Snaps
31 July 2019

The Commodites Feed: Markets await the Fed

Your daily roundup of commodity news and ING views

Gold

Gold ETF holdings continue to grow (mOz)

Source: Bloomberg, ING Research
Bloomberg, ING Research

Energy

US oil inventories: The API reported yesterday that crude oil inventories fell by 6.02MMbbls over the last week, which was significantly more than the 2.75MMbbls that the market was expecting, according to a Bloomberg survey. The API also reported larger than expected draws in both gasoline and distillate fuel oil.
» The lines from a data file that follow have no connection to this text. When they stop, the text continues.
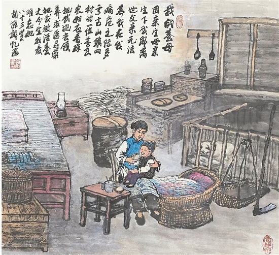 该画名为《我的养母》。因我母亲生下我即去世,上有哥哥又小,父亲无法养活我,在我病危之际,多亏古山四村的一位善良农妇应香球把我抱去领养,求医寻药,把我救活养大。今世我最难忘怀她的恩情。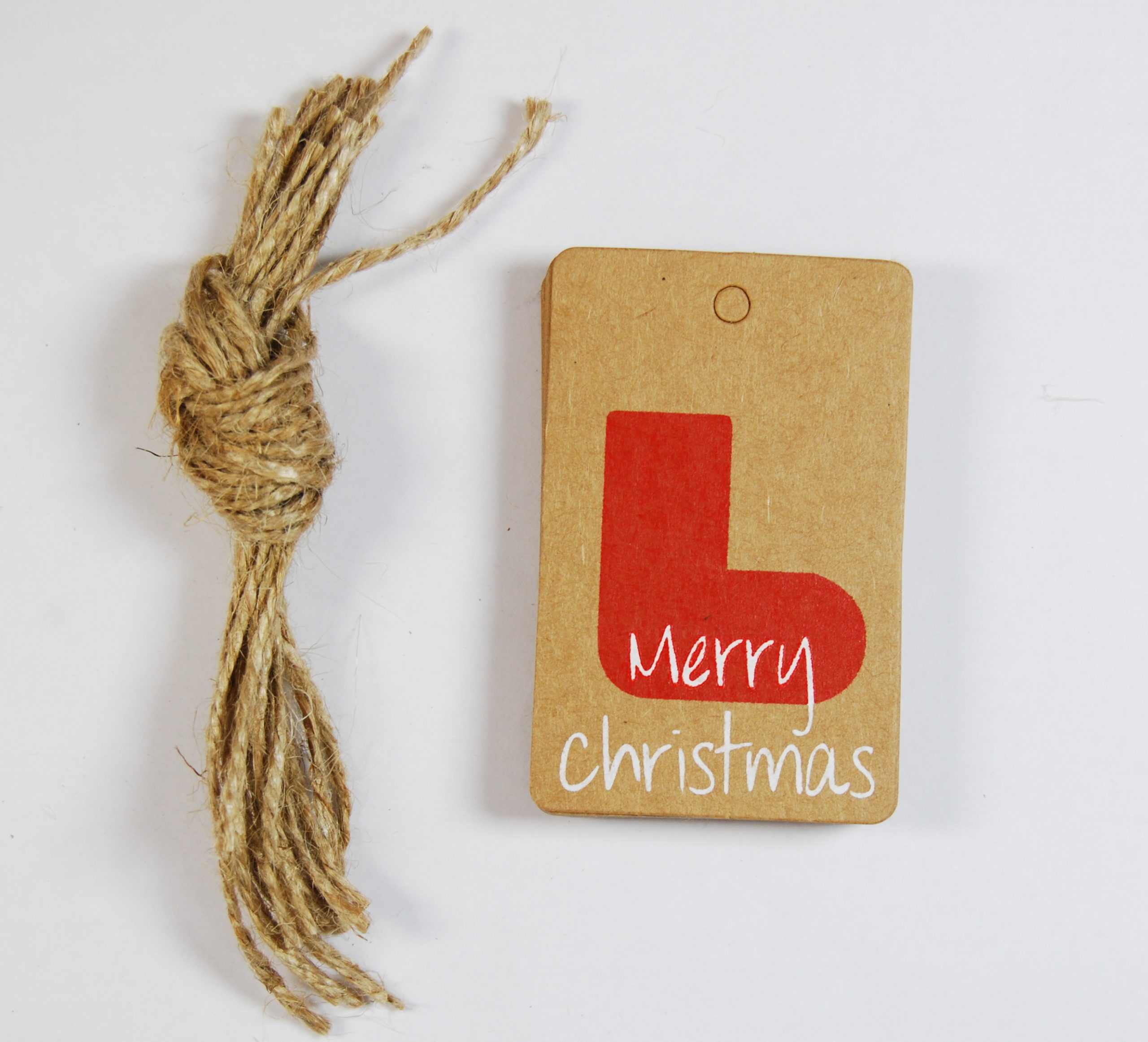 Kraft Gift Tags in Christmas (Stocking). Gift tags featuring a festive design on one side. Twine included to easily attach your personal messages to gift bags, presents, party favours and more.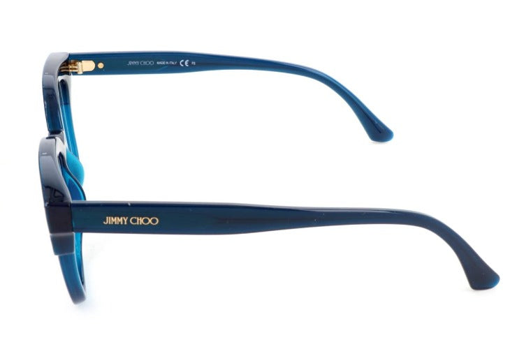 Jimmy Choo JC176 women's eyeglasses blend bold butterfly shape with luxurious craftsmanship. A blue propionate complete frame offers lightweight comfort and lasting shape while adjustable lenses ensure a personalized fit. Authentic designer detailing and premium materials make these women's butterfly frames an original choice for style conscious wearers. Shop JC176 at Otticanet and try them on today.

The larger than expected draw has been constructive for the market, however whether the move higher in the immediate term is sustainable will be dependent on two events today. Firstly, the more widely followed EIA numbers will be released today, and so the market will be looking for confirmation of a large drawdown in US crude oil inventories. Secondly, participants will be following closely the outcome of the US Federal Reserve meeting, where it is largely expected to cut interest rates, but more importantly the market will be keen to hear any forward guidance on policy.
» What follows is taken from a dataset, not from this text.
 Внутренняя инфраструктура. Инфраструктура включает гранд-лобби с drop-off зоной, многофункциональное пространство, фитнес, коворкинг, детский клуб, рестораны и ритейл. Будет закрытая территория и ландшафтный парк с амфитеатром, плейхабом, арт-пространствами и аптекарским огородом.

Libya oil disruptions: Bloomberg reports that the Sharara oilfield in Libya has suspended production due to a valve closure on a pipeline. Sharara is the largest oilfield in Libya, producing around 300Mbbls/d, and the field has seen a number of disruptions recently, with the most recent just earlier this month. There is little information on how long the closure could last. Libya, along with Iran and Venezuela, is exempt from the OPEC+ production cuts, and despite the growing tension in the country over recent months, the nation has produced consistently above 1MMbbls/d since March.

Metals

Lead plant restart: Nyrstar has announced that it has restarted the blast furnace at its Port-Pirie lead smelter in Australia. The plant has been shut for two months, after an unplanned outage in late May, which resulted in a production loss of around 30kt. Meanwhile, LME warehouses saw an inflow of 11,850 tonnes of lead yesterday, taking total LME lead stocks to a one-month high of 67,325 tonnes, although total LME lead inventories are still down significantly from the 107kt held at the start of the year. The plant restart and inventory inflows have pushed the LME lead forward curve back into contango, with the LME lead cash/3M spread widening to a US$9.75/t contango, compared to a backwardation of US$10.5/t on 25 July.
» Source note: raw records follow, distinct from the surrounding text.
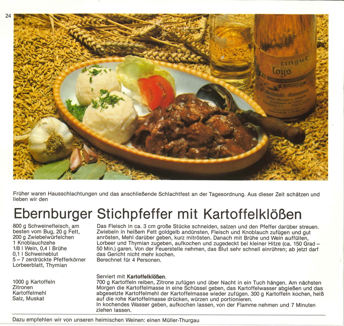 Das Rezept „Ebernburger Stichpfeffer mit Kartoffelklößen“ ist dem „Gaumenführer: Herzhaft-leckeres von Nahe und Hunsrück“ entnommen. Die Broschüre, die für das Naturparadies Nahe-Hunsrück warb, wurde um 1980 von dem Kreisverkehrsamt des Kreises Bad Kreuznach herausgegeben. „Zusammengetragen, probegekocht und vorgebruzzelt“ wurden die deftigen Gerichte „aus Omas Küche“ von dem Koch Hans-Jürgen Ziegler. Der damalige Landrat Hans Schumm (1927-2007) ermunterte den Leser in seinem Vorwort dazu, die Gerichte nachzukochen und – mit heimischem Bier und Wein zu genießen. In der Broschüre finden sich 25 Rezepte und Fotos von Gerichten aus der Region, darunter: „Kreuznacher Zwiwwelkuche“, „Kreuznacher Spansau (Original Zimmersches Rezept)“, „Ebernburger Stichpfeffer“ oder „Kirn-Sulzbacher Kartoffelklöße“. Ob es sich bei dem Spansaugericht, das für 20-25 Personen berechnet ist, tatsächlich um das Originalrezept des bekannten Bad Kreuznacher Gastronomen und Fastnachters Otto Zimmer (1896-1966) handelt, konnte nicht in Erfahrung gebracht werden. Dem „Ebernburger Stichpfeffer“ wird eine hohe Authentizität bei der Zutatenzusammensetzung zugesprochen. Ein traditionelles bäuerliches Gericht, das bei den früher durchaus üblichen Hausschlachtungen zubereitet wurde, da dann in einem Privathaushalt frisches Schweineblut verfügbar war. Doch nicht nur da, sondern auch in den Gasthöfen der Region war das Gericht zumeist im Herbst auf der Speisekarte zu finden. Vielleicht animiert das Rezept den einen oder anderen Leser dazu, sich auf eine geschmackliche Erinnerungsreise ins letzte Jahrhundert zu begeben. Die Rezeptsammlung dokumentiert Alltagskultur und ist ein Zeugnis der sich stetig verändernden Essgewohnheiten nicht zuletzt in einer Region. Die Broschüre ist Teil einer Materialsammlung, die sich mit dem Essen und Trinken in (Bad) Kreuznach beschäftigt.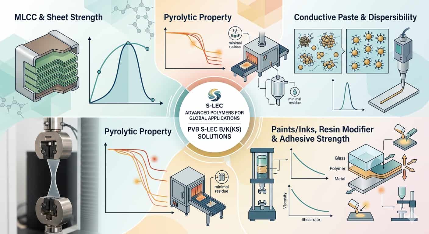 S-LEC Polyvinyl Butyral(PVB) resin series has emerged as a core material in the fields of electronic components, functional coatings, and adhesives, thanks to its exceptional physicochemical stability. Tailored to meet diverse industrial requirements, S-LEC demonstrates the following four key technical characteristics: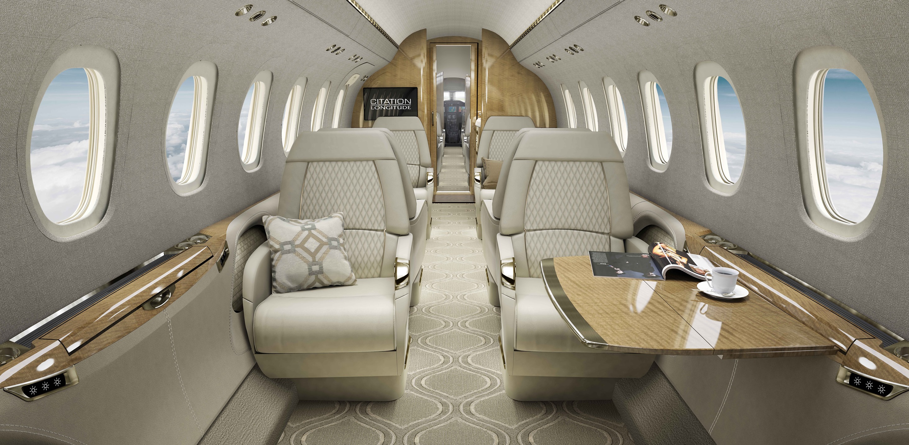 The Citation Longitude is designed to elevate passenger expectations in the super-midsize class by delivering the quietest cabin, a low cabin altitude (1,814 meters/5,950 feet), more standard features and a comfortable, bespoke interior. With seating for up to 12 passengers, including an optional crew jump seat, the Longitude features a stand-up, 6-foot tall flat-floor cabin.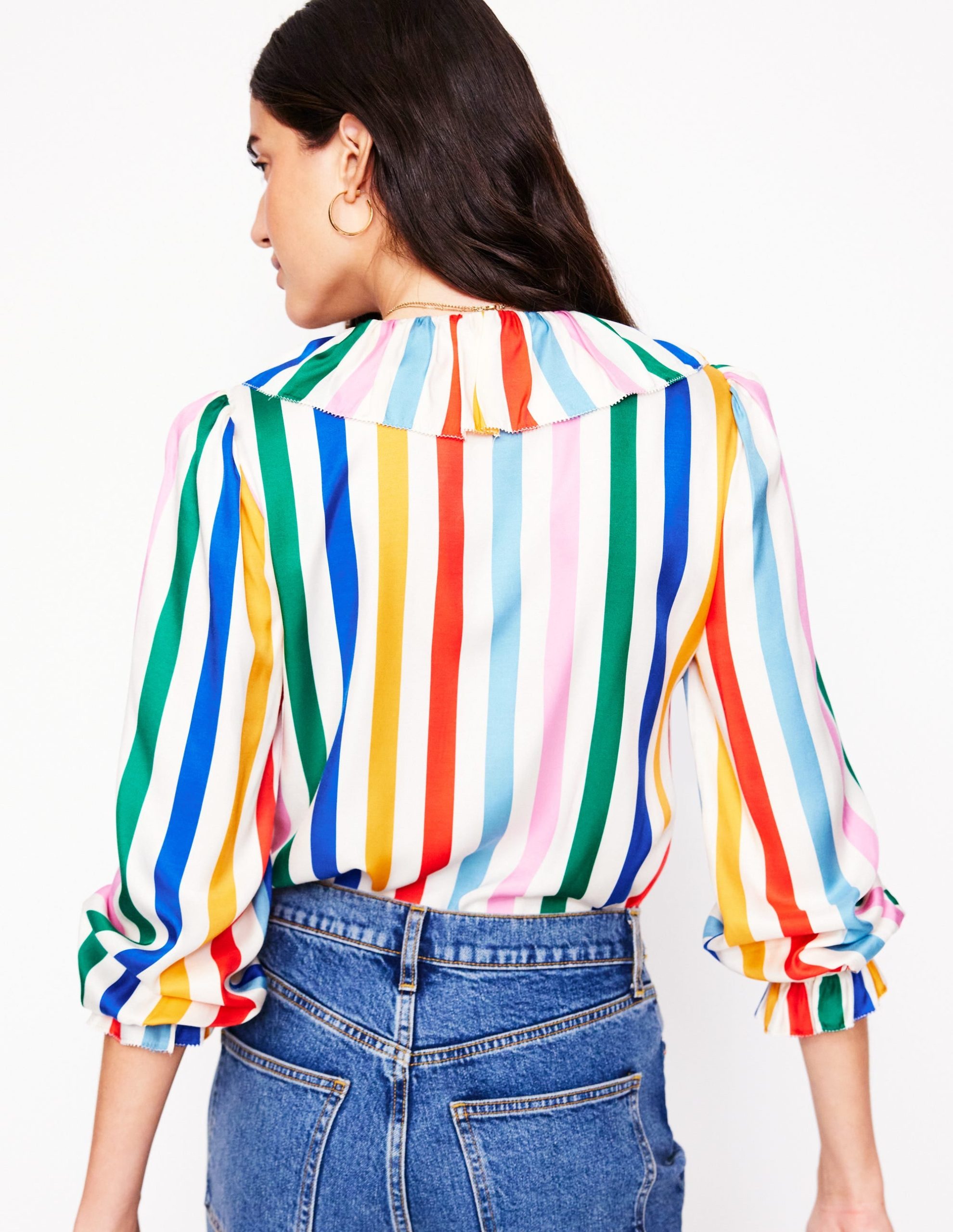 We dare you to ruffle a few feathers in this gorgeous silk blend top. The frothy neckline and cuffs will add a playful touch to any summer look.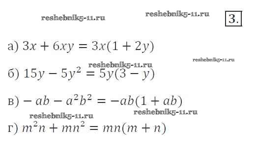 Готовая домашняя работа с ответами по Алгебре за 7 класс Миндюк, Шлыкова Рабочая тетрадь УМК Часть 1, 2 Просвещение 2017 ФГОС - §25. Вынесение общего множителя за скобки 3

Gold ETF holdings: There is no let-up in gold demand from investors, even as they await the outcome of today’s Fed meeting and any comments on forward-guidance. Total known ETF holdings in gold have increased by around 200kOz over the past week, with total ETF holdings rising to a fresh six-year high of 75.56mOz as of 30 July. The Fed is widely expected to cut rates by 25bp at today’s meeting, and then the market will be focused on what the Fed signals in terms of further cuts moving forward.